Mengutip Reuters, Pada pukul 9:58 waktu setempat, Indeks Dow Jones Industrial Average turun 33,80 poin, atau 0,13% menjadi 26.622,59.  Indeks S&P 500 turun 2,24 poin, atau 0,08% menjadi 2.931,44 dan indeks Nasdaq Composite turun 7,23 poin atau 0,09%, menjadi 8,113.60.

Penurunan saham sektor kesehatan sebesar 0,4% turut membebani pasar di tengah kekhawatiran peraturan di sektor kesehatan yang semakin ketat. Penurunan saham Caterpillar Inc yang sebesar 3,2% juga turut menekan Wall Street.

Kinerja perusahaan ini melampaui estimasi analis untuk laba kuartalan, tapi  membukukan penurunan pendapatan di sektor konstruksi sebesar 4% di Asia-Pasifik, salah satu pasar utama yang didominasi oleh China.

Saham AT&T Inc juga tercatat turun 3% setelah operator nirkabel AS terbesar kedua tersebut melaporkan pendapatan kuartalan di bawah perkiraan analis di Wall Street.

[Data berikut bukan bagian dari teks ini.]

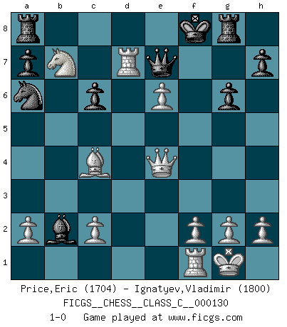 Last move : 1-0 2009 December 27 20:38:42 [Event "FICGS__CHESS__CLASS_C__000130"] [Site "FICGS"] [Date "2009.12.09"] [Round "1"] [White "Price,Eric"] [Black "Ignatyev,Vladimir"] [Result "1-0"] [WhiteElo "1704"] [BlackElo "1800"] 1.e4 e5 2.Nf3 d6 3.d4 f5 4.dxe5 fxe4 5.Ng5 d5 6.e6 Nh6 7.Nc3 c6 8.Ngxe4 dxe4 9.Qh5+ g6 10.Qe5 Rg8 11.Bxh6 Bxh6 12.Rd1 Qe7 13.Bc4 Bg7 14.Qxe4 b5 15.Nxb5 Bb7 16.Nd6+ Kf8 17.Nxb7 Bxb2 18.O-O Na6 19.Rd7 1-0 Philidor : Philidor counter-gambit, del Rio attack Kingside Castling by player White (move 18) Player White won this chess game. Follow this game move after move (download)Discovered check is the dive bomber of the Chessboard. (Reuben Fine) Obwohl ich alt bin, darf mir niemand den Finger in den Mund stecken, sonst beisse ich. (Wilhelm Steinitz) El estómago es una parte esencial del maestro de Ajedrez. (Bent Larsen) Les Cavaliers se révèlent fort utiles dans les positions fermées. D'habitude, les Fous sont un peu plus forts que les Cavaliers dans les positions ouvertes. Qu'on le veuille ou non, il restera toujours des exceptions ! I find television to be very educating. Every time somebody turns on the set, I go in the other room and read a book. (Groucho Marx)
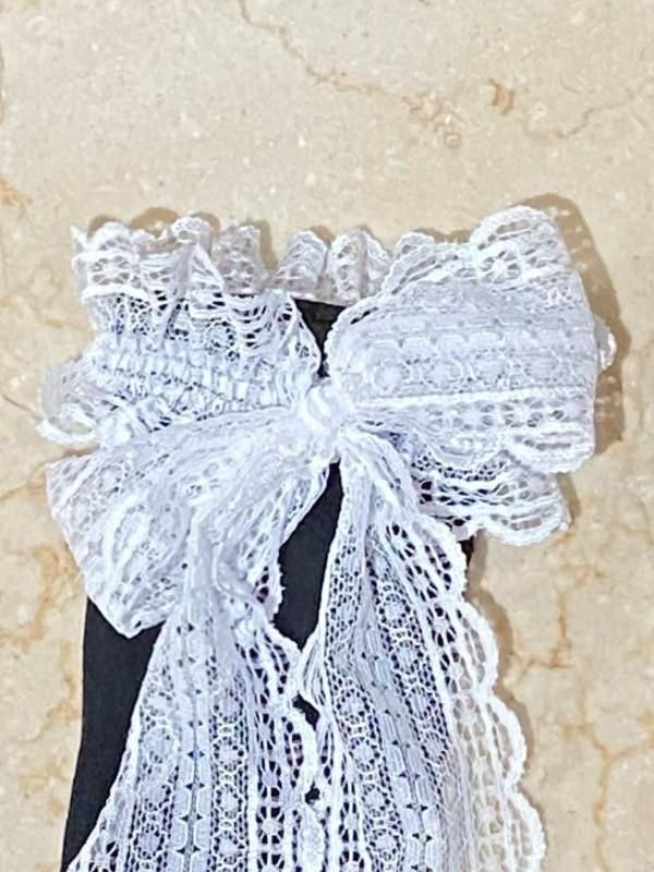 ひざ下丈ストッキング地スカラップレースソックス:黒×白レース

Sementara itu, saham Microsoft Corp dan Facebook Inc, yang rencananya akan menerbitkan laporan keuangannya setelah penutupan Wall Street pada Rabu ini tercatat turun sekitar 0,5%.

Bukan hanya itu, berdasarkan data Refinitv, keuntungan perusahaan di indeks S&P 500 diperkirakan akan turun 1,1% pada kuartal pertama tahun ini. Namun, perkiraan tersebut telah membaik sejak awal April, dengan 77,5% dari 129 perusahaan yang telah melaporkan sejauh ini melampaui perkiraan pendapatan.

Laju penurunan Wall Street sedikit tertahan kenaikan saham Boeing Co sebesar 1,1%, bahkan ketika pembuat rencana membatalkan prospek 2019 dan melaporkan pendapatan kuartalan di bawah perkiraan Wall Street karena landasan 737 MAX jet-nya. Sahamnya telah kehilangan 11% sejak kecelakaan mematikan Ethiopia pada awal Maret.

Saham EBay Inc juga melonjak 3,8% setelah perusahaan menaikkan perkiraan penjualan dan laba setahun penuh. Saham Anadarko Petroleum Corp melonjak 11,7% juga turut menahan penurunan Wall Street.

Anadarko Petroleum menjadi saham pendorongan terbesar ke indeks S&P 500, setelah Occidental Petroleum Corp berusaha untuk menghentikan pengambilalihan perusahaan oleh Chevron Corp dengan tawaran $ 57 miliar. Saham Occidental turun 3,0%.